Much of what you say rings true. Over the past 6-8 months, roughly. It has probably been the most trying yet enlightening period I’ve experienced, and for that I was very thankful. Before this initial incident, I believe I had convinced myself that I had it “all figured out”, when in truth, this wasn’t the case. If anything, this exposed that. I suppressed most of my initial feelings on the incident, and think they are working there way through me now. I know our judgments and reactions can often be mirrors of ourselves, and i’m fairly certain it’s currently my case. A part of me feels embarrassed and shameful, another part feels angry at them for “leading me on” and myself for “playing along”. It’s like I feel “violated” to a degree. I value honesty and respect in all relationships, friends or more, superficial or intimate, and the lack of it even in this small instance infuriates me.
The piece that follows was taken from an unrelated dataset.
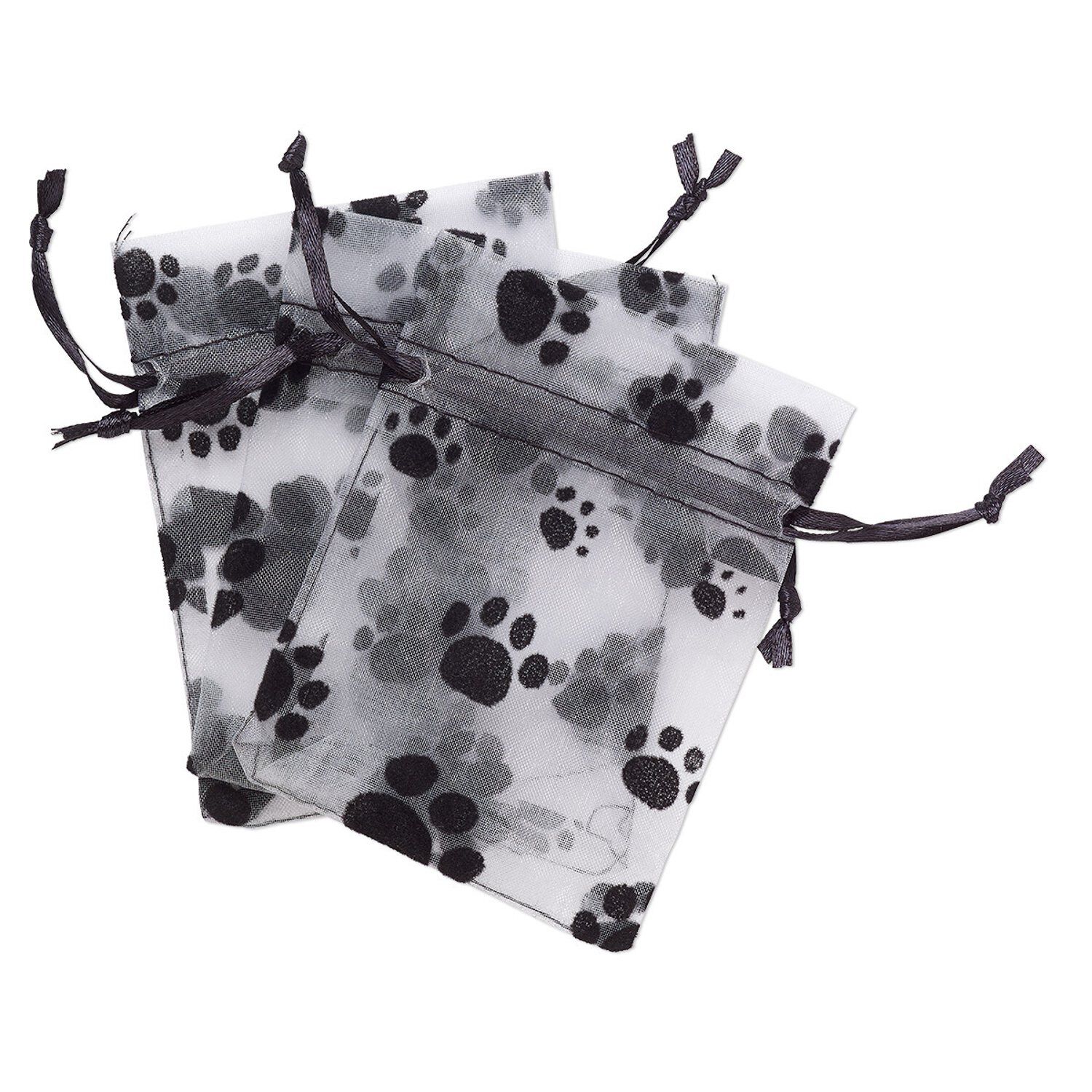 Grey organza gift pouches with a paw print pattern are ideal for pet-themed parties, animal shelter fundraisers and more. Pouches feature a satin ribbon drawstring closure. Suitable for reselling, gift-giving, after-sale packaging and more.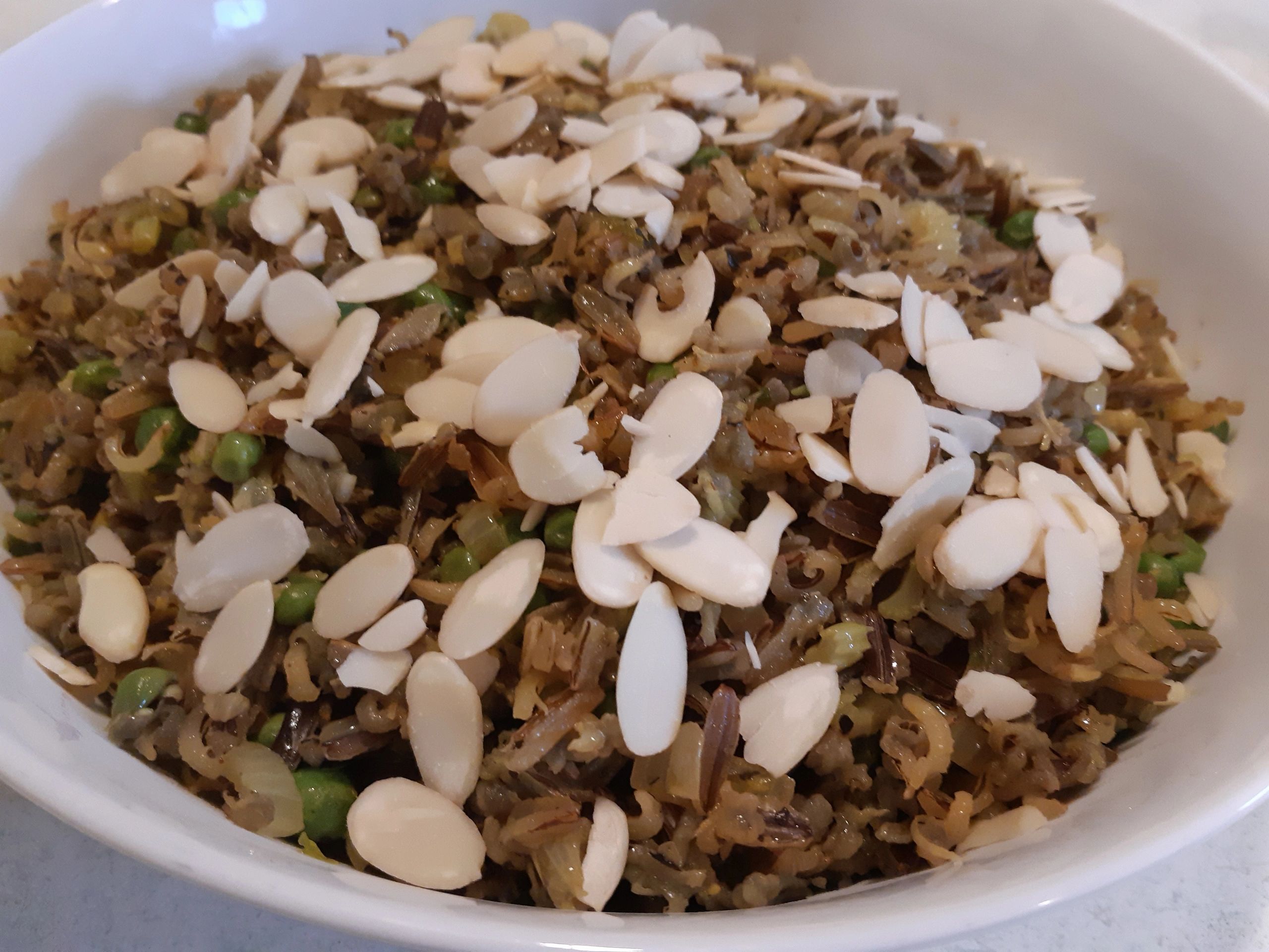 Once it is combined, you can serve in a bowl and garnish with slivered almonds on top.

And of course, i’m so highly critical of myself, I give myself little to no room for err. I do want to focus more however, on loving myself, and on the people in my life who I know love me as well. As you said, I know the road won’t be easy, but i’m sure it’s worth it.
Thank you very much again Jessa
Best
BruceJanuary 5, 2014 at 3:41 am #48404BruceParticipantAikiBen
Thank you for reaching out!
A lot of what you’re saying makes a great deal of sense. Our personal boundaries needed a good amount of work, and it definitely contributed to the situation. What really stood out to me was how you described the subtlety between kindness, and more or less putting your foot down. It’s something i’ve been able to demonstrate at times, but certainly not on a consistent basis, nor to the amount i’d like to display. I will also look more into both the infatuation concept, as well as David DeAngelo to gain further insight. Oddly enough, I was able to “cut off” and walk away fairly easily from a similar relationship years ago, this time I think was so difficult due to the blurred roles and nature of the relationship as a whole. Still, it is somewhat comforting that internally, I seem to be able to detect this and make strides to rectify it, as I have done in past relationships.